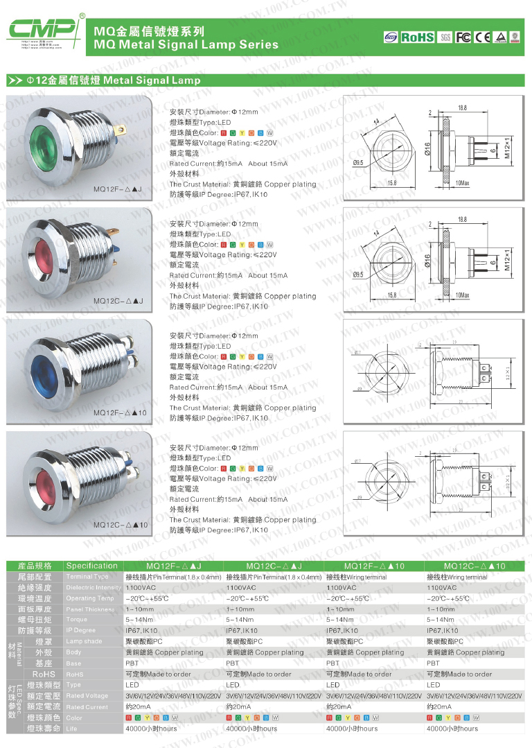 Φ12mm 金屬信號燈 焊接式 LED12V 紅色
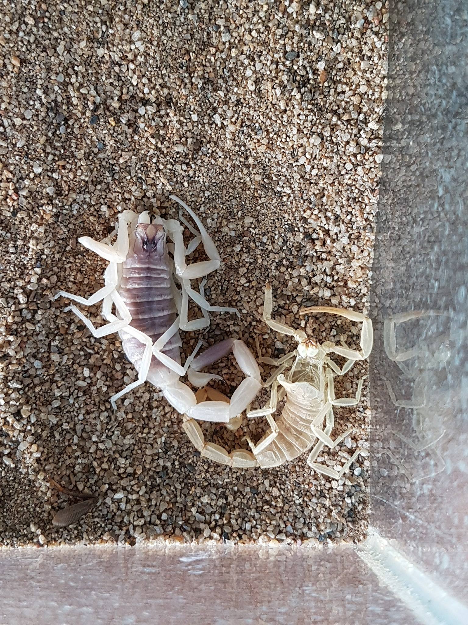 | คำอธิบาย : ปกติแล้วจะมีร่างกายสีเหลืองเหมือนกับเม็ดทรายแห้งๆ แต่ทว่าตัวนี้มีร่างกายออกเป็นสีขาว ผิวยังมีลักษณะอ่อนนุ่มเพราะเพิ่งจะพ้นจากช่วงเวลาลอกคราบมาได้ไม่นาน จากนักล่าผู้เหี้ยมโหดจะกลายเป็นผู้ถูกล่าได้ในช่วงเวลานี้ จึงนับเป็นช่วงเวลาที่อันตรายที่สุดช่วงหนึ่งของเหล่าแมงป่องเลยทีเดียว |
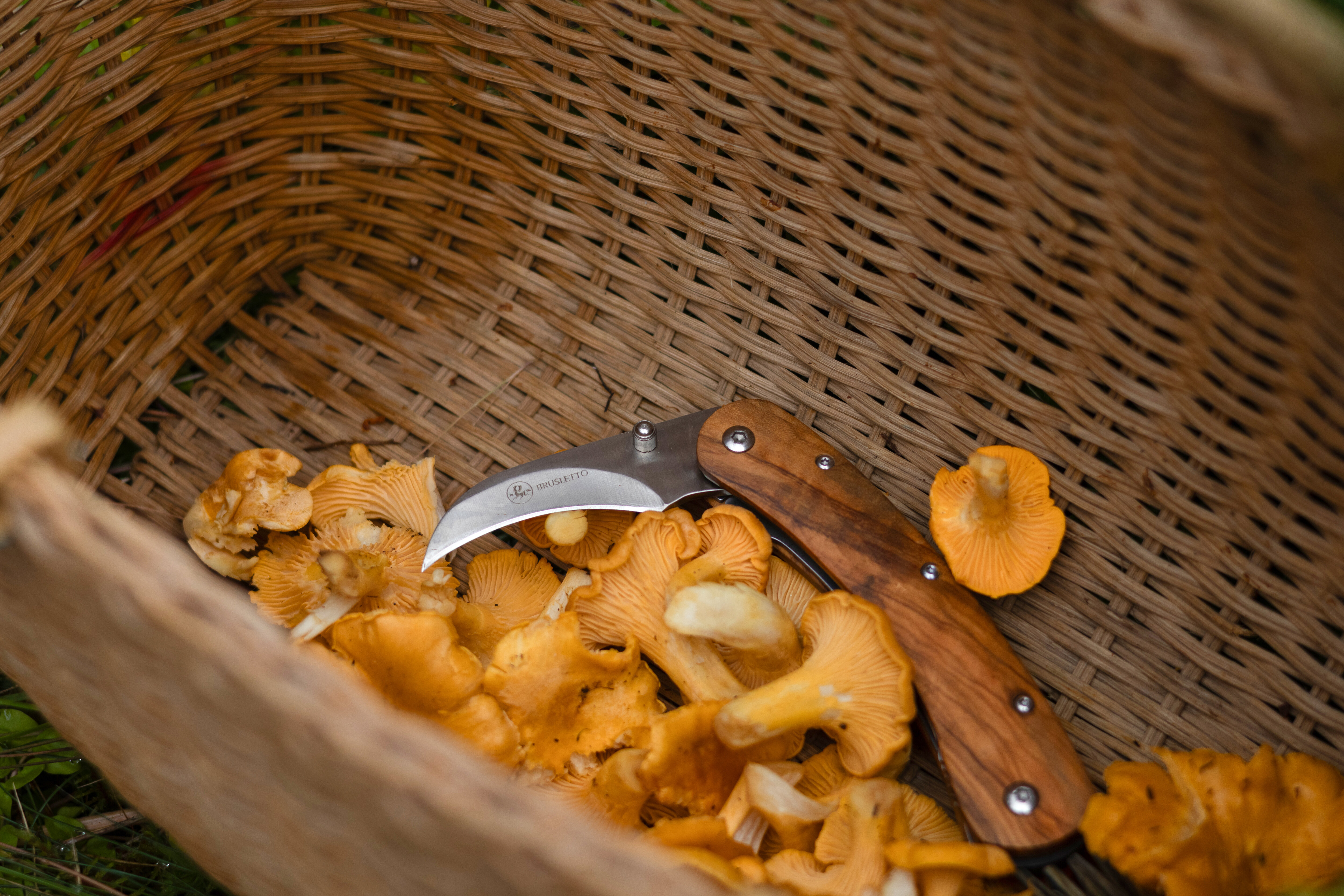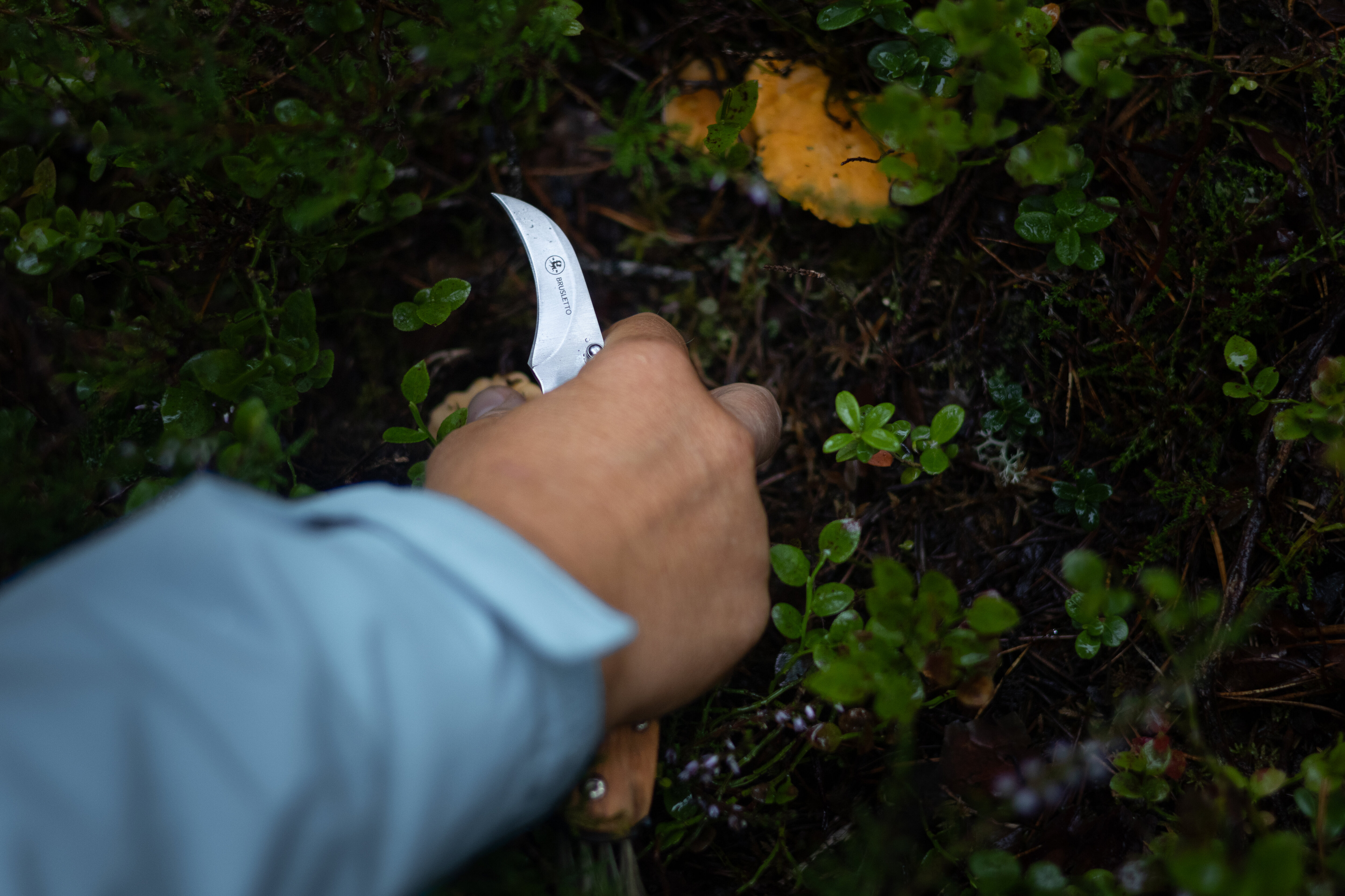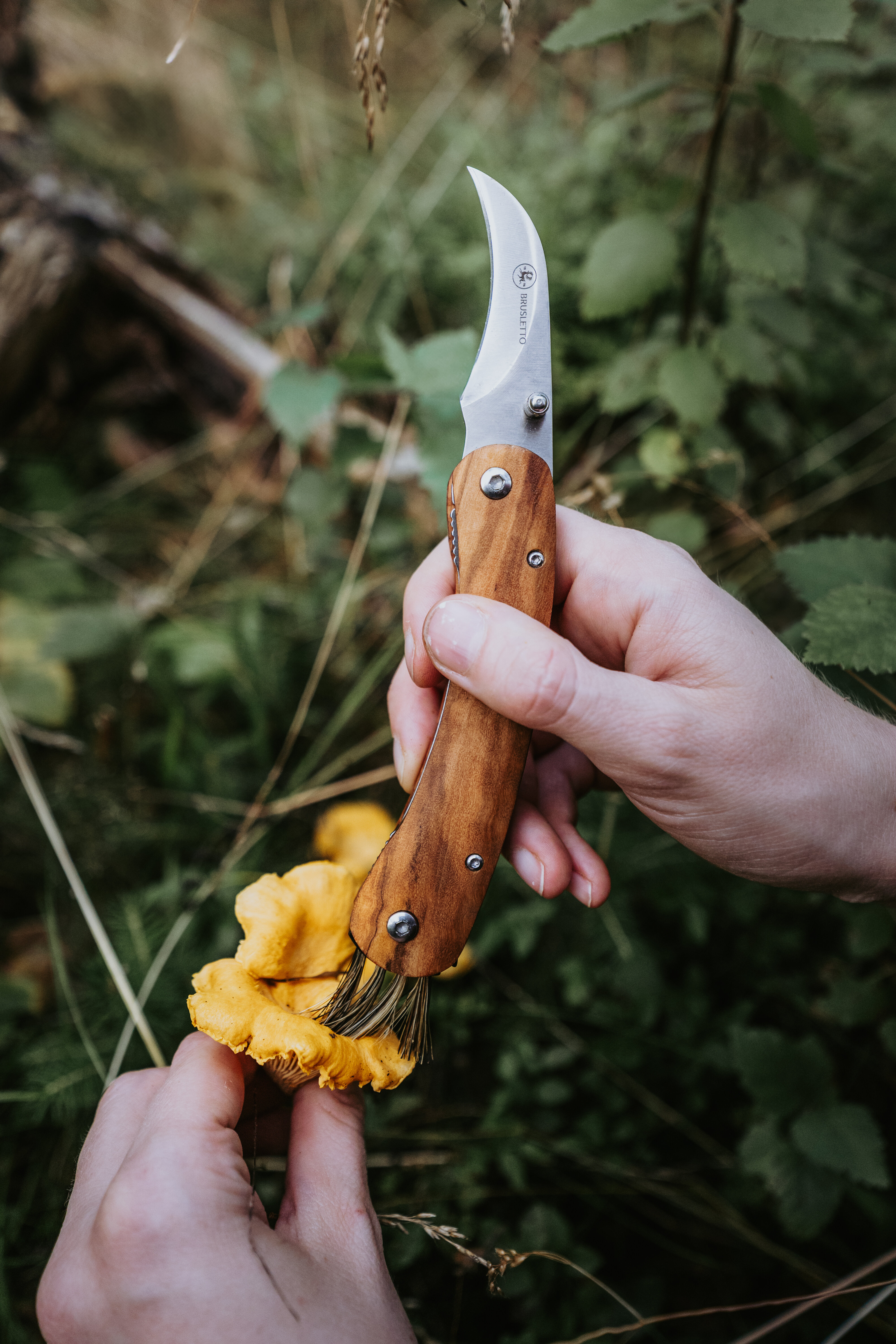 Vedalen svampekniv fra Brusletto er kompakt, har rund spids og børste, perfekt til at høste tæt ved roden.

★ ★ ★ ★

_Problem details_.
Retype the data above exactly; pictures are not part of the copy.

_Exercise response_.
 Φ12mm 金屬信號燈 焊接式 LED12V 紅色
 | คำอธิบาย : ปกติแล้วจะมีร่างกายสีเหลืองเหมือนกับเม็ดทรายแห้งๆ แต่ทว่าตัวนี้มีร่างกายออกเป็นสีขาว ผิวยังมีลักษณะอ่อนนุ่มเพราะเพิ่งจะพ้นจากช่วงเวลาลอกคราบมาได้ไม่นาน จากนักล่าผู้เหี้ยมโหดจะกลายเป็นผู้ถูกล่าได้ในช่วงเวลานี้ จึงนับเป็นช่วงเวลาที่อันตรายที่สุดช่วงหนึ่งของเหล่าแมงป่องเลยทีเดียว |
 Vedalen svampekniv fra Brusletto er kompakt, har rund spids og børste, perfekt til at høste tæt ved roden.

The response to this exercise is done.